IV. El sheriff Duncan
Theodore Duncan, hijo del anciano doctor Clark Duncan y la enfermera Mary Martins, era una buena persona en el lado de Érika. Al otro, ponía la mano para que Duffy pudiese huntársela debidamente y así conseguir que todo un sheriff hiciese la vista gorda. Duffy proporcionaba mil dólares semanales a Duncan que bien valían la tranquilidad de su negocio.
Conducía un Mustang con ciertos elementos de competición, claramente financiados por su silencio. ¿Qué había podido ocurrir en su vida para que alguien que a un lado era capaz de salir a patrullar a las tres de la madrugada a buscar el gato perdido de la pequeña Alice Derek, pudiese ser sobornado y consumiese cocaína de forma habitual en el otro?.

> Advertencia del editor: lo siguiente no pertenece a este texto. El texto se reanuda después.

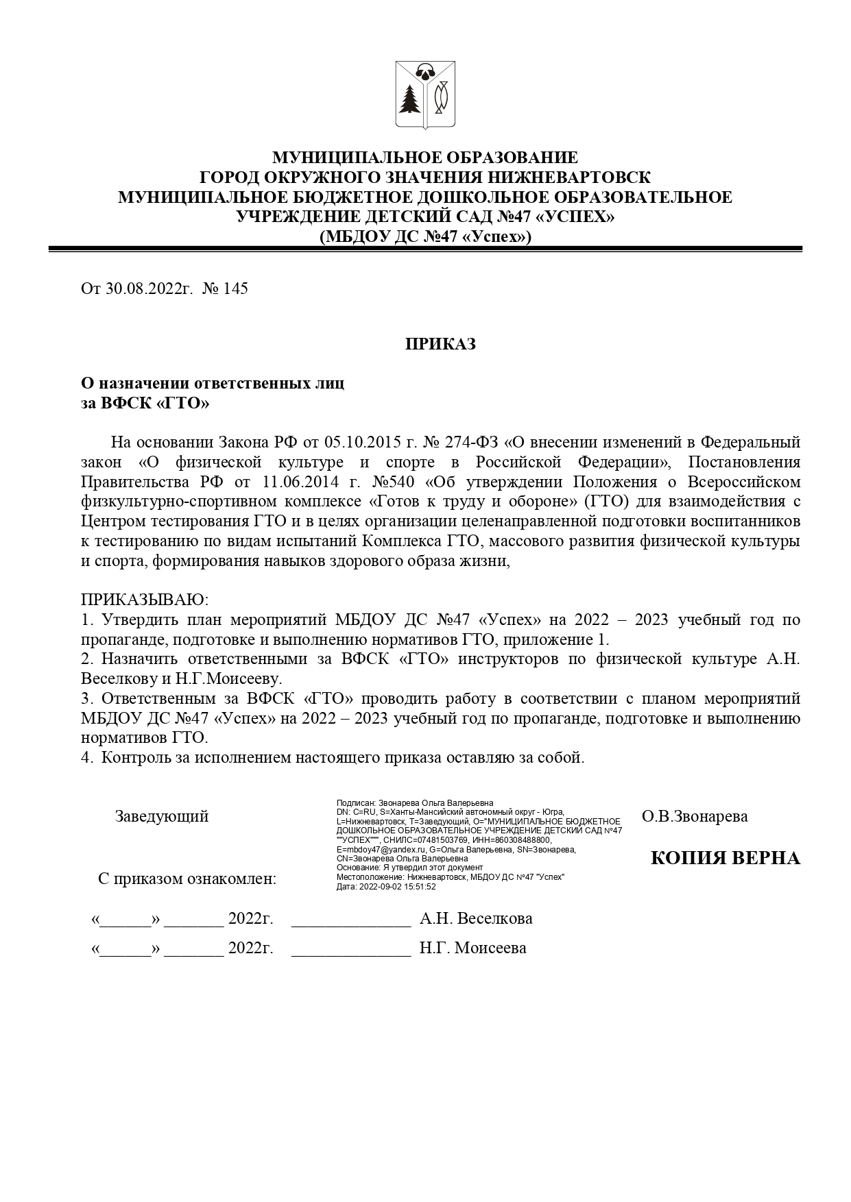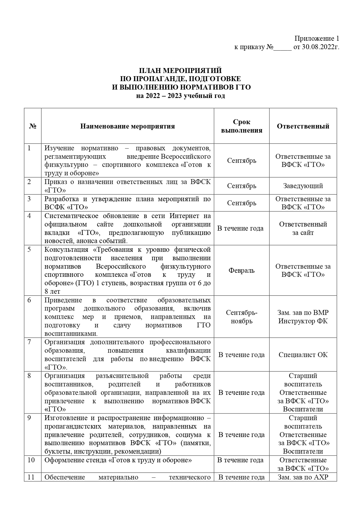 Приказ о назначении ответственных за ГТО

Érika caminaba por la acera con destino a su oficina. Planeaba explorar el estado de las cosas, quién era quién y cómo era, cuando se cruzó con el sheriff, que mascaba un palillo con la espalda apoyada sobre el Mustang, vehículo que prefería usar para patrullar en vez del Ford oficial. Fue verla a cincuenta metros y no quitarle ojo, hasta el punto de que se deshizo de sus gafas reglamentarias.
-Supongo que a ambos lados le gustan mis piernas, pero allí no era tan descarado. -Pensó mientras se acercaba balanceando la minifalda con el extraordinario y femenino vaivén de sus caderas.
-Hola Érika. -Dijo él.
-¿Qué tal, sheriff?. ¿Qué tal las cosas por aquí?.

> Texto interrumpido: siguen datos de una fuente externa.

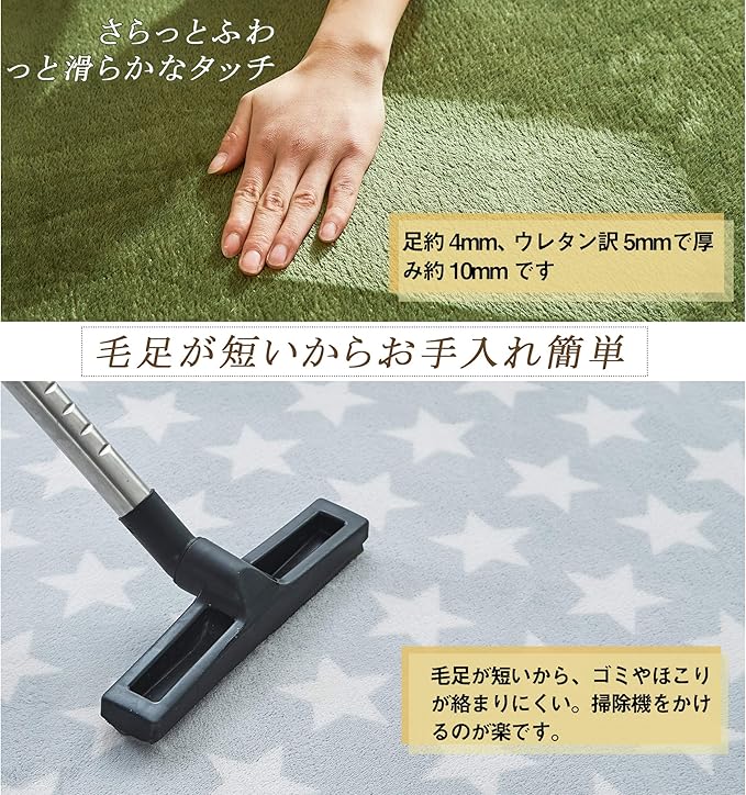 【機能】極細繊維のマイクロファイバーを使った、ふわふわ柔らかな肌触り、通気性が高いです。カーペットが軽量で折り畳み可能、簡単に持ち運びできます。防音効果もあります。

-Es un pueblo aburrido donde nunca pasa nada, ya lo sabes.
Duncan no dejaba de mirarla lascivamente, algo que a Érika la incomodó sobremanera.
-Voy a ver a Carmelo.
-Se alegrará, qué suerte... -Contestó él.
Cuando caminó varios metros aún podía sentir los ojos del sheriff en el cogote, de modo que giró la cabeza y lo pilló escudriñando su anatomía. No hizo nada por disimular.
De camino a la oficina del Sheriff, donde Carmelo Batalla hacía guardia, se detuvo en la tienda de Hassan Nazif con la excusa de comprar un reproductor de música. Cuando la puerta comenzó a abrirse sonaron las campanillas de aviso. Pudo ver con claridad cómo Hassan hablaba por el móvil en la trastienda, y se asomaba con aspecto temeroso tras la cortinilla al oír el tintineo.
-Un momento señorita Clayton. -Masculló desde el fondo con su particular acento.
Érika aprovechó para dar un vistazo a la tienda. La distribución era algo distinta y el trabajador de Hassan al otro lado, un chino de nombre impronunciable, había sido sustituido por una mujer árabe que portaba la típica vestimenta. Se encontraba al otro lado de la tienda, plumero en mano, quitando el polvo y recolocando aparatos de todo tipo.
-¿Qué desea señorita Clayton?. -Interpeló Hassan situándose tras el mostrador.
Pudo notar cómo el sudor caía de su frente hasta las cejas y la nariz, y percibió el notable nerviosismo del vendedor.
-Un reproductor mp3 que no sea muy caro.
-Nueve dólares -en realidad no usó la tilde- por más barato.
-Bien, démelo Hassan.
Mientras éste cogía el modelo de exposición y lo incorporaba a su polvorienta caja entraron tres clientes más al local. Eran sin duda árabes y su aspecto era más de matones que de amigos. Érika se puso nerviosa, aunque no tanto como Hassan y la mujer, y se fue rápidamente soltando un hasta luego que no fue correspondido.
Estaba claro que algo extraño sucedía, probablemente que Hassan se había metido en algún lío. Sin embargo, no dejaba de pensar en las palabras de Amanda cuando le contaba la tirria que sentía el reverendo Jackson por Hassan Nazif y sus sospechas de que se trataba de un terrorista islámico.
Al salir de la tienda se encontró de nuevo con el sheriff Duncan, postrado en la acera de enfrente. Había ido a deleitarse de nuevo con la escultural Érika, lo que la incomodó hasta la indignación.